Our shilling cannot stop being volatile when we always experience food inflation, a packet of ugali flour costs Sh120 and milk is expensive not because we have genuine shortages but because of cartels that have hijacked the supply side of the economy.

Maize and milk farmers are unable to sell their produce unless at throwaway prices and yet these products are being sold at exorbitant prices in our supermarkets. It’s a dog’s breakfast.

How do you expect to have a strong and stable shilling when, because of insecurity, fewer tourists are coming into the country and bringing in dollars and it is cheaper and safer for a Kenyan family to board a plane and have a nice holiday in Dubai than to take a bus or drive to the South Coast for their vacations?

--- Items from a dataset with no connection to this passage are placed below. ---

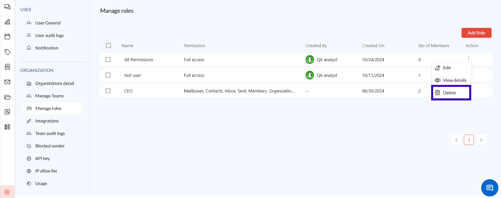 Edit Role: Adjust existing roles to update permissions or role names.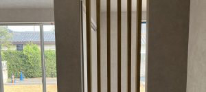 また、格子は隣空間への配慮にもつながります。空間を直接的に遮断することなく、部分的な繋がりをつくる事で、空気的流れや気配を感じることができます。突然的な空間の切り替わりが、格子を使うことで柔軟に変動することが出来ます。ここに公私を気にする人間の心理的ニーズが存在しえると考えています。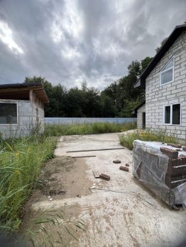 Участок подсыпан, огорожен забором из металлопрофиля на фундаменте. На участке также не достроенная баня.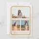 Eine klassische, einfache Ankündigung oder Einladung, um Ihren Absolventen zu feiern und Ihre Fotos zu präsentieren. Platz für ein Hauptfoto auf der Vorderseite und 3 Fotos plus Text auf der Rückseite, auf einem beigen, marmoriert aussehendem Hintergrund mit einem mocha-farbenen Rahmen.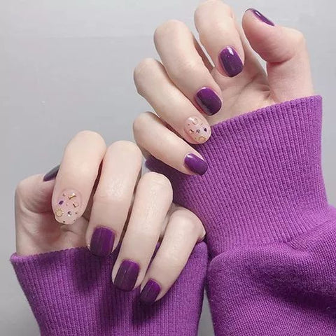 Purple nail design has a sense of mystery that other colors cannot convey. Purple combines the calmness of blue and the strong energy of red. Purple is often associated with the royal family, symbolizing power, luxury, nobility, and ambition. It also conveys wealth, extravagance, and so on. Therefore, it is a good idea to paint purple on your nails at any time.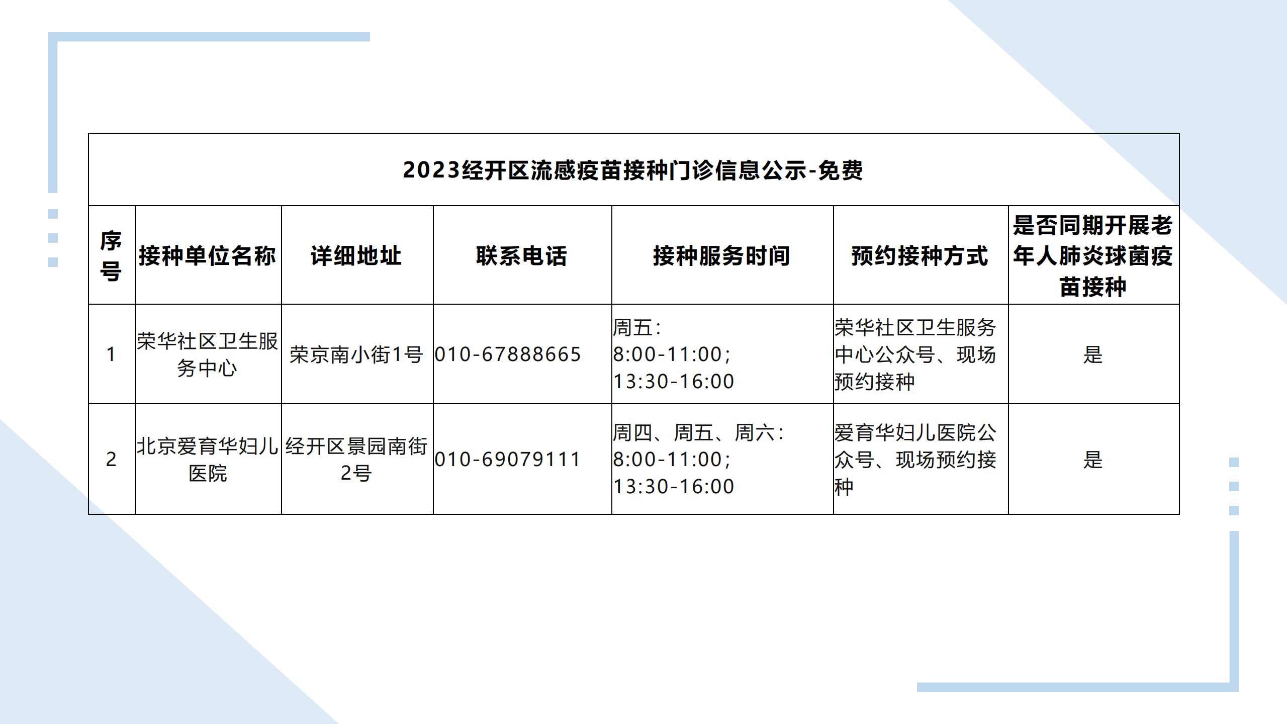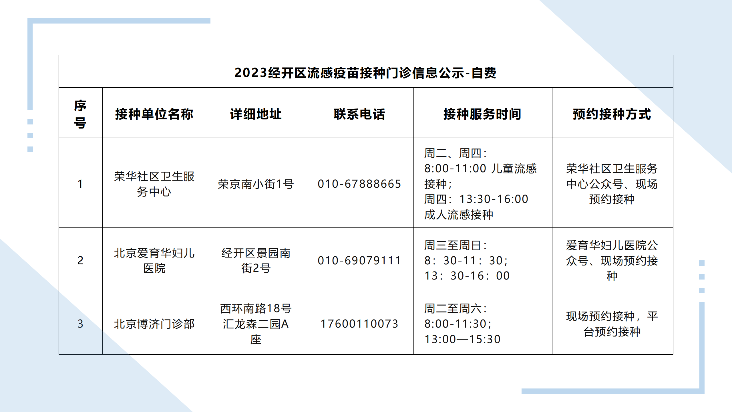 今年经开区共统筹设立荣华社区卫生服务中心、北京爱育华妇儿医院、北京博济门诊部三个流感疫苗接种服务点。荣华社区卫生服务中心、北京爱育华妇儿医院可同时提供免费、自费接种服务;北京博济门诊部仅面向成年人提供自费流感疫苗接种服务。

How do you want a stable shilling when as soon as you get your first million shillings, you want to speculate on some idle land instead of investing in stocks, meaning we have more foreign than domestic investors at the Nairobi Securities Exchange who can walk away any day and increase demand for dollars?

Even if the government is trying to address these underlying issues, it can only do so much as measures to boost export competitiveness cannot be implemented overnight.

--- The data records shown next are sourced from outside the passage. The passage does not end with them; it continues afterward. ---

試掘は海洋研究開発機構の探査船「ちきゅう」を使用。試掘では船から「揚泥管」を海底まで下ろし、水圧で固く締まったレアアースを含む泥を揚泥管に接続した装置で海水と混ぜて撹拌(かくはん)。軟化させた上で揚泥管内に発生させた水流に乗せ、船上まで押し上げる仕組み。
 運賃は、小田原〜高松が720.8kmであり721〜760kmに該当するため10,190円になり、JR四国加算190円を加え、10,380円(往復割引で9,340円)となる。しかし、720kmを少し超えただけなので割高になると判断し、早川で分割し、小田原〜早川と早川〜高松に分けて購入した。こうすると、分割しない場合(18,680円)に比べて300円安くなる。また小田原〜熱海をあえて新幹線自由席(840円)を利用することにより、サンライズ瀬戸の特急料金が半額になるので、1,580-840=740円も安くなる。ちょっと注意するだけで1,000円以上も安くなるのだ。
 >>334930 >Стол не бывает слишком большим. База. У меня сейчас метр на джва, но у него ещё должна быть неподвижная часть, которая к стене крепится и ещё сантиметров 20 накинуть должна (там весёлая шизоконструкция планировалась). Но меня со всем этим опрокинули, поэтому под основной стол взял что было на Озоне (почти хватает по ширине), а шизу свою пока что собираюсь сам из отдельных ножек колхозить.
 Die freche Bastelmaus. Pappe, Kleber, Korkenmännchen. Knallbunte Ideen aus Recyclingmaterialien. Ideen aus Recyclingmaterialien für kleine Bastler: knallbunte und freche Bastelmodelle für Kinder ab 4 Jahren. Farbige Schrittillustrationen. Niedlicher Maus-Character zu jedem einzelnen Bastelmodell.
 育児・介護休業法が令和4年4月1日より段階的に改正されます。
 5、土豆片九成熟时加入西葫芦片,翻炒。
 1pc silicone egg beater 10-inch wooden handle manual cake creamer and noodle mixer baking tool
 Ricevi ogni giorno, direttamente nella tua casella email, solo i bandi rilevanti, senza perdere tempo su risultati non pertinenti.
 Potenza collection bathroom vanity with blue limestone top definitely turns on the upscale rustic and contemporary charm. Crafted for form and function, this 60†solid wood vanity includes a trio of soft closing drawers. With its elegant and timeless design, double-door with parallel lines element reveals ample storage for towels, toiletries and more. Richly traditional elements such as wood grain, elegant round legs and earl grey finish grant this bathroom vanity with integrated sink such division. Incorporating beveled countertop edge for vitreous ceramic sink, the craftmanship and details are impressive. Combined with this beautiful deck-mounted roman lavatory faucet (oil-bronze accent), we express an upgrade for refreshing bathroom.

That requires a sustained focus on manufacturing high-end, sophisticated products. So we have three options for now, none very palatable, to stabilise the Kenya shilling in the short-run.

The first option is to let the currency fall further and find its bottom, wherever that may be. In most countries a cheaper currency would boost exports and help close the Current Account Deficit (CAD).

But our manufacturing industry is too small to ramp up quickly. So a turnaround in the balance of payments may take time during which investors could panic.

Meanwhile the weaker currency may destabilise the domestic economy by adding to inflation and Wanjiru will definitely suffer.

We also now have a bigger foreign debt component than we had during the Kibaki era and interest payments on foreign debt will become a bigger burden and reduce the amount of funds available for development.

The second option is to increase interest rates to attract more foreign money. The Central Bank of Kenya has already called for an early Monetary Policy Committee (MPC) meeting for next week instead of the scheduled July meeting.

It would be irresponsible if they don’t raise interest rates during this special sitting. But this would further hammer domestic businesses, which are already in poor shape, and probably increase bank bad debts too.

Bad debts are already a worry for the economy, having increased by Sh10.2 billion in the first 3 months of 2015 alone.

We can also already see equity investors starting to worry about corporate earnings and any further pull out of their billions of investments in listed shares will lead to the economy slowing further with rate increases. Add a credit crunch to that and this will make things even worse.

The last option is to lower government borrowing which is expected to be over five per cent of GDP in 2015 and which has stoked excess demand in the last few years, widening the CAD.

The populist political mood and with the Jubilee administration wanting to put runs on the board (sorry those who don’t follow cricket) and engage in massive projects will make big spending cuts difficult.

There is simply no way the administration can cut its way to a smaller deficit. Which means we need more tax revenues. But with a narrow tax base (only a tiny percentage of Kenyans pay income tax) this might mean concentrating tax rises on the formal economy, which is already reeling.

The only lasting solution for the shilling’s problems is to reduce the CAD to a sustainable level, which requires structural solutions. The CBK has very little policy space or instruments to deliver the needed structural solutions.

They fall within the ambit of the government. All CBK can do in the interim is to stabilise the market volatility and that will come at a cost. A big cost!

Mr Wehliye is senior vice president, Financial Risk Management, Riyad Bank, Saudi Arabia.